- Activity
Transcribe the listing in full, excluding any pictures.

- Collected material
============================================================
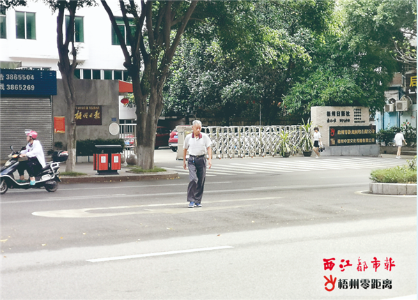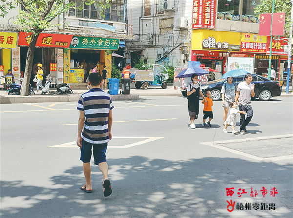 8月16日10時許,一名男子在新興二路梧州日報社對出路段,從機動車道掉頭口橫穿馬路。 陳雨燕 攝 此外,還有市民選擇跨過機動車道的綠化帶后亂穿馬路。上午10時許,記者在新興二路大塘市場對出路段看到,多名市民從人行道直接走出機動車道,跨過道路中央的綠化帶,橫穿馬路。他們當中,有步履蹣跚的老人,有擔著青菜的攤販,更有抱著小孩的年輕人。開車經過的司機發現有市民橫穿馬路,基本會減速讓行,但多個穿梭在車流中的身影,仍然令人捏一把汗。11時許,記者在蝶山一路、新興珠寶路、春湖路等路段走訪,均發現市民橫穿馬路的情況。
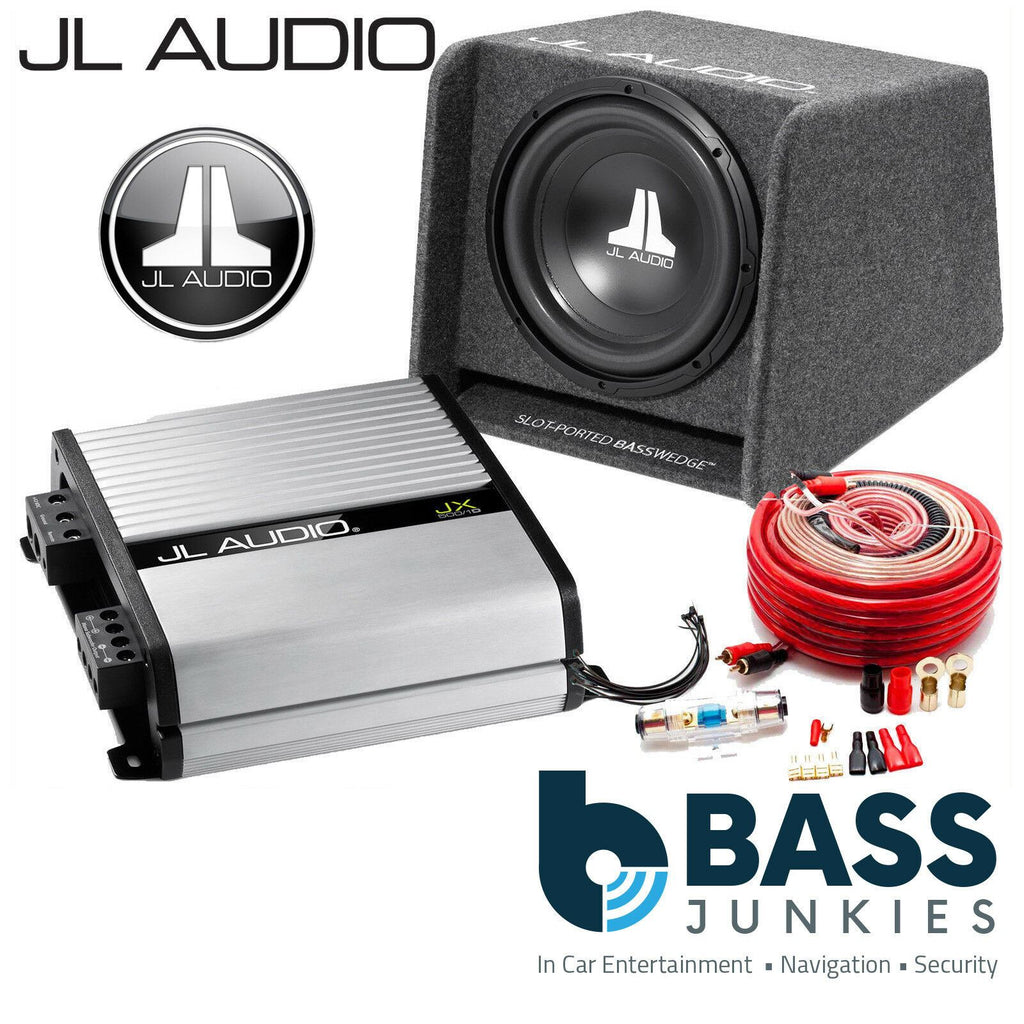 JL Audio CP110-W0V3 - 10 inch 300 Watts Ported Enclosure Subwoofer Bass Box & JL JD500.1 Amplifier with Complete Wiring Kit
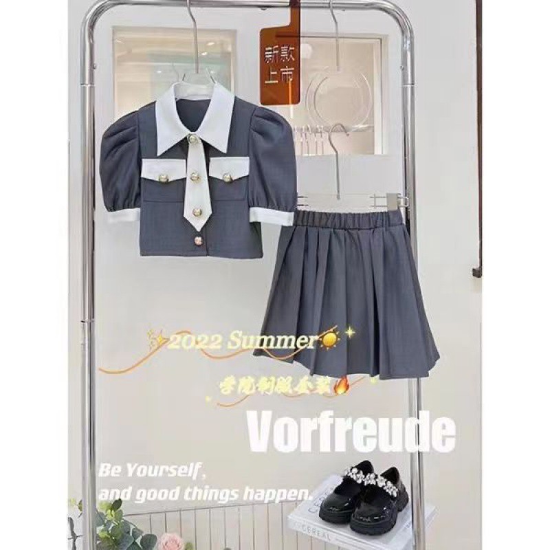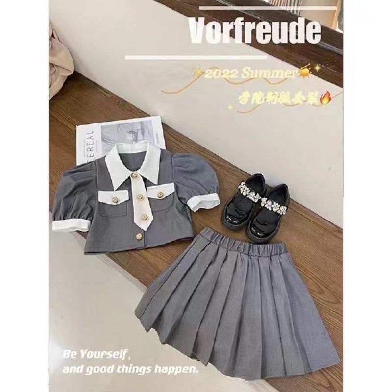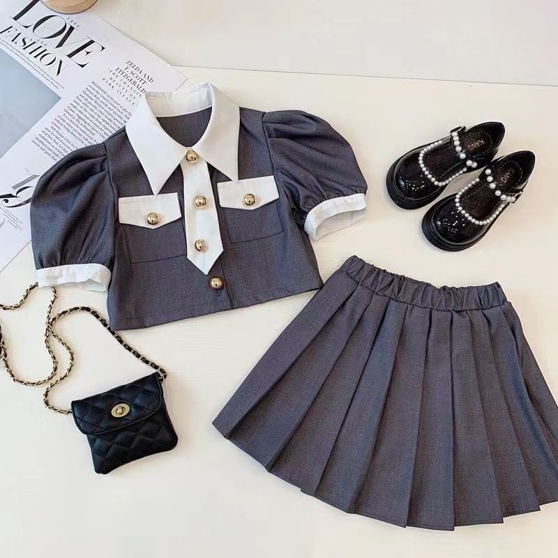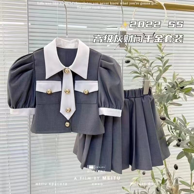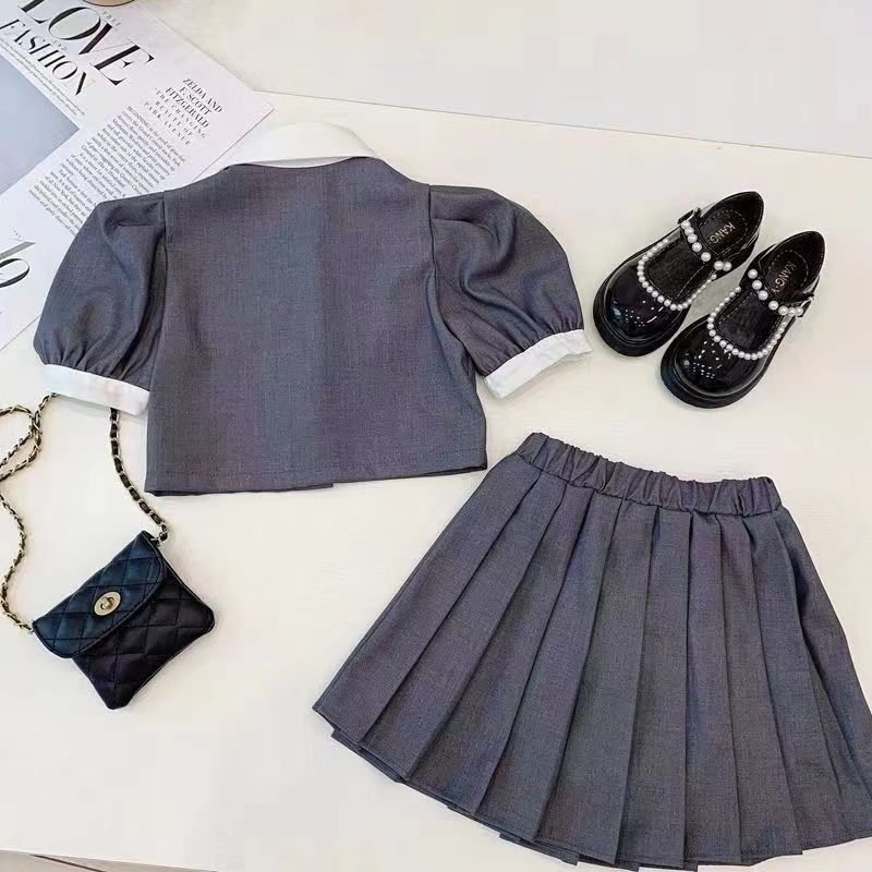 Girls' Summer suit 2024 New Children's Western Style Top Internet Celebrated Pleated Skirt Baby's College Style Two-Piece Fashionable Set
============================================================
- Written reply
 8月16日10時許,一名男子在新興二路梧州日報社對出路段,從機動車道掉頭口橫穿馬路。 陳雨燕 攝 此外,還有市民選擇跨過機動車道的綠化帶后亂穿馬路。上午10時許,記者在新興二路大塘市場對出路段看到,多名市民從人行道直接走出機動車道,跨過道路中央的綠化帶,橫穿馬路。他們當中,有步履蹣跚的老人,有擔著青菜的攤販,更有抱著小孩的年輕人。開車經過的司機發現有市民橫穿馬路,基本會減速讓行,但多個穿梭在車流中的身影,仍然令人捏一把汗。11時許,記者在蝶山一路、新興珠寶路、春湖路等路段走訪,均發現市民橫穿馬路的情況。
 JL Audio CP110-W0V3 - 10 inch 300 Watts Ported Enclosure Subwoofer Bass Box & JL JD500.1 Amplifier with Complete Wiring Kit
 Girls' Summer suit 2024 New Children's Western Style Top Internet Celebrated Pleated Skirt Baby's College Style Two-Piece Fashionable Set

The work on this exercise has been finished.